The SOM provides a topology-preserving mapping from high dimensional space to map units. The map unit is the output layer, a two-dimensional array of nodes that is fully connected to the input layer. The property of topology preservation refers to maintaining the relative distance between the points. The points that are closer to each other in input space are mapped close together on the map unit (output) in the SOM as shown in Figure 1. The distance between the map units can also be defined according to their topological relationship. Thus, SOM can be used as a cluster-analyzing tool of high dimensional data.

Another important property associated with SOM is its ability to generalize. This means that the network is able to recognize inputs that it has never encountered before. After training SOM, a vector is presented to the input layer, and the node whose weight vector is most similar to this input vector will be activated.

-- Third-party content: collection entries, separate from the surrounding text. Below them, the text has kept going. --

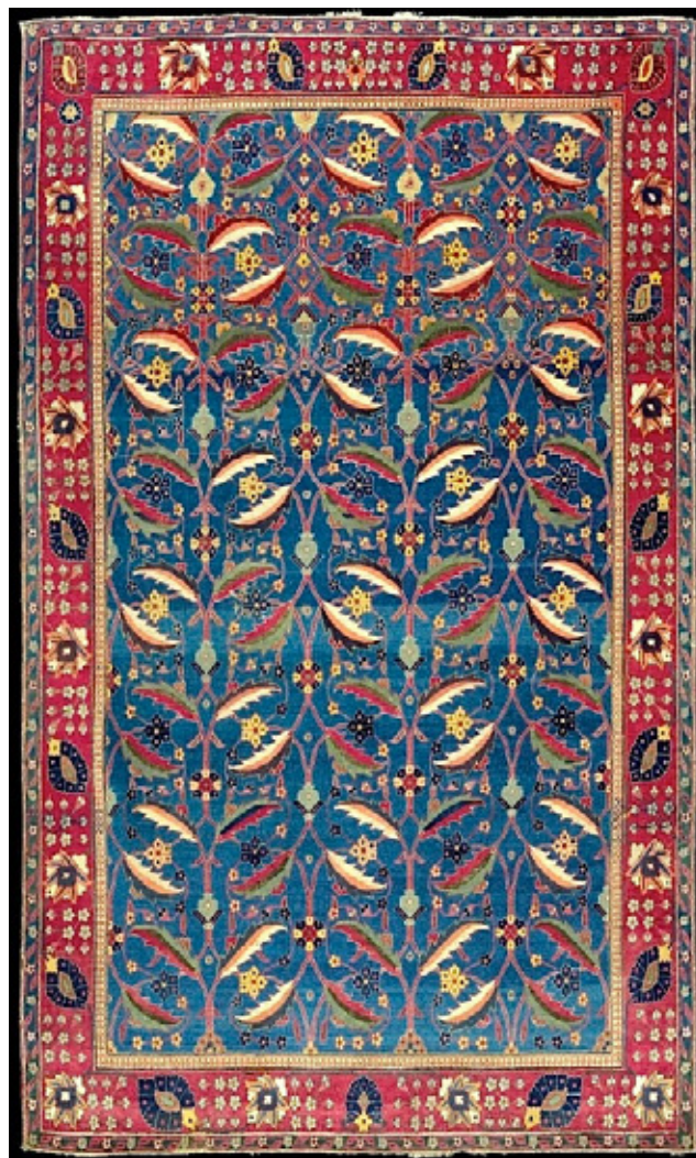
2. Lot 101, intact "vase" rug, 8' 3" x 5', estimated £1,000,000–1,500,000, sold for £962,500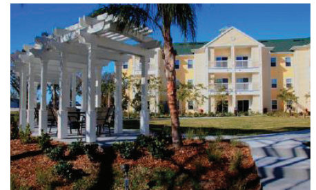
Laurel Oaks | Okeechobee, FL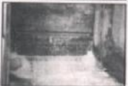
Fig. 9. The trap put near the barrage to catch fish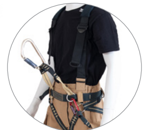
Optional NFPA Ladder Hook Item: 1109-2704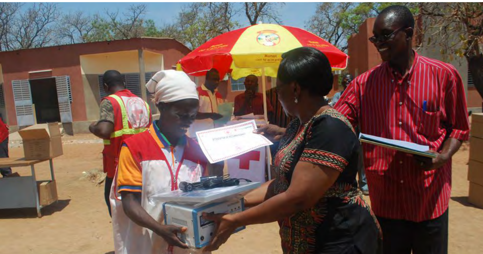
Burkinabe Red Cross Society organized a ceremony to publicly show its gratitude to all the provincial volunteers in front of their community and the highest local authorities

The Belgian Red Cross, Luxembourg Red Cross, Red Cross of Monaco and Spanish Red Cross support the National Society in various aspects of accountability and integrity.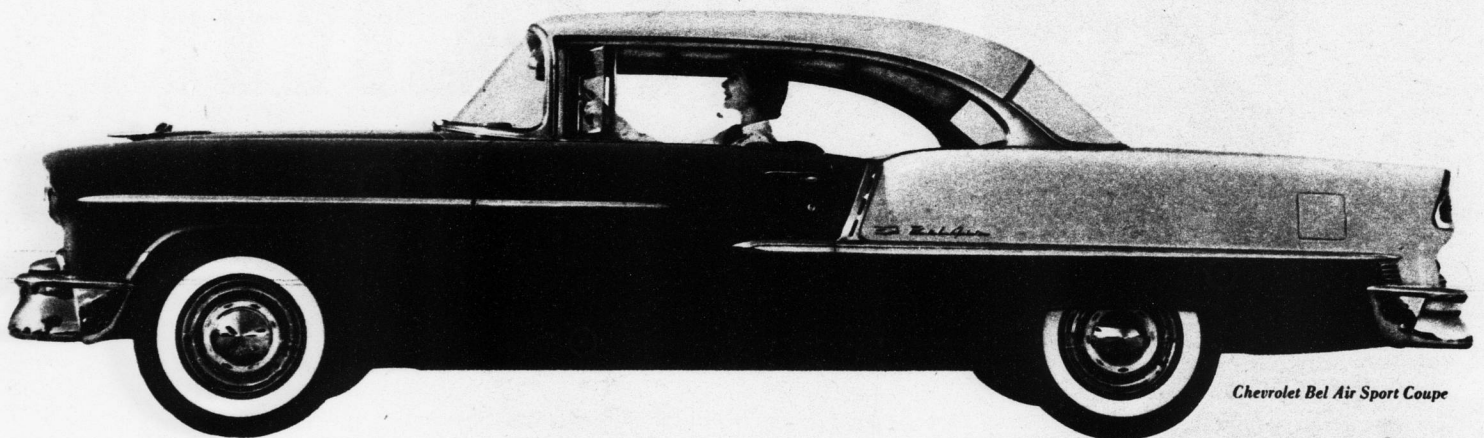
Chevrolet Bel Air Sport Coupe

With a view to giving you— high style and high power in every price class

Some of the unique abilities of SOM are: 1) to perform visualization of data; 2) to provide informative representation of data; and 3) to compare whole data sets with each other. SOM has the capability of clustering the raw input data according to classification, so this property makes it a valuable tool for well log analysis. SOM will provide the cluster nodes to the log curves at each depth so that a geologist will be able to use these nodes for preliminary analyses.  Neural networks have been successfully applied for well log analysis in recent years to name a few [5-14].

The software package, Thinking Log Module, used for training and testing purposes in this paper was selected from the Mind & Vision Computer Systems because of built-in features for analyzing well logs. This program acts as a simulator for both supervised and unsupervised neural network models. The SOM feature offers the user an “N-dimensional eyeball simulator” that is capable of seeing the data in N-dimensions without being biased.

Well logs provide a recording of the variation of certain physical rock properties with depth. The data is acquired by lowering logging tools into the well. However, well logging data does not directly classify the rock properties. Well logging data assists in deducing the physical property of the rock by means of theoretical and empirical correlation.  A suite of well log plots that consist of four tracks is shown in Figure 2.

·         Track 1 contains spontaneous potential (SP) and Gamma ray (GRC) curves

·         Track 2 represents resistivity logs (LOGSN and LOGILD)

·         Track 3 contains  neutron porosity curves (ROHB and NPHI)

·         Track 4 holds calibration (CALI) and resistivity curve (LOGMLL) logs.

In this project, SOM is used to obtain cluster nodes from the well logging data, and then use those nodes as targets for the back-propagation neural network model. The eight input curves (SP, GRC, LOGSN, LOGILD, RHOB, NPHI, CALI, and LOGMLL), as shown in Figure 2, were selected for the training of SOM. The input data curves were normalized using the normalization feature of the program. Normalization of the input data may enhance the numerical accuracy [4].

Several trials of training SOM were conducted in order to determine the parameters for obtaining the optimal cluster nodes that represent all the facies in the data.  After training, cluster nodes were picked from the output file generated by SOM. The parameters -- such as the number of input neurons, hidden and output neurons, the number of training cycles, and the bias level of the back-propagation -- were set to constant values.

The back-propagation network was also trained using the target flags that were obtained from the well log analyst. The results of the back-propagation network for each facies type and the percent of correct identification during the testing phase when target flags were used from well log analysts are shown in Figure 6.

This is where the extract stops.